The September 2022 mini-budget gets the blame from MAB for what has happened. With their army of mortgage advisers no longer growing, and with stricter underwriting criteria for borrowers, it is going to be a tough year for the company to make any progress. MAB finds comfort in the knowledge that “transactions are delayed, they are not lost”.

My view

This company has, on the face of it, a very nice track record of profitability:

The quality metrics are very good too, which is probably related to the fact that MAB uses a franchise style model. The stock gets a QualityRank of 96.

So I wonder if the disruption caused by recent events might possibly provide a buying opportunity?

MAB was supposed to earn adjusted net income of £24-25m this year.

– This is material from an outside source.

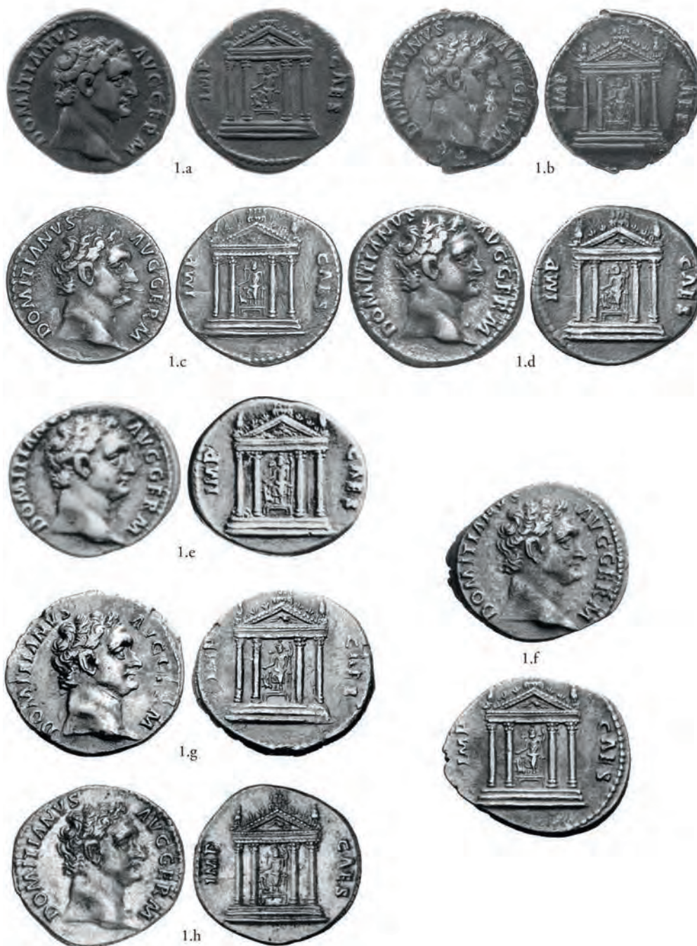
Pl. 3. Deniers, AR, Rome, 95-96 apr. J.-C.

It will miss that, slightly, and could do worse again next year.

There will also be bigger adjustments to the numbers, after an acquisition: MAB bought 75% of mortgage broker Fluent Money in March, for a cash payment of £73m.

The integration of that company has been successful, but I wonder about the timing of the deal and the valuation. From the announcement RNS:

In the year to Mar-22E, Fluent is expected to generate £38.5m revenue (+45% yoy) and adjusted EBITDA of £4.2m (+118% yoy)

MAB said that they expected Fluent’s adjusted EBITDA to double this year, but it still feels like they paid a very heavy price for it.

On balance, I reckon it’s worth keeping an eye on this one: if they maintain their track record of profitability, despite the downturn, and are ready for the upturn when it eventually comes, then their shareholders could do very nicely indeed. The elimination of any short-term growth prospects is unfortunate but could be priced in already at these levels.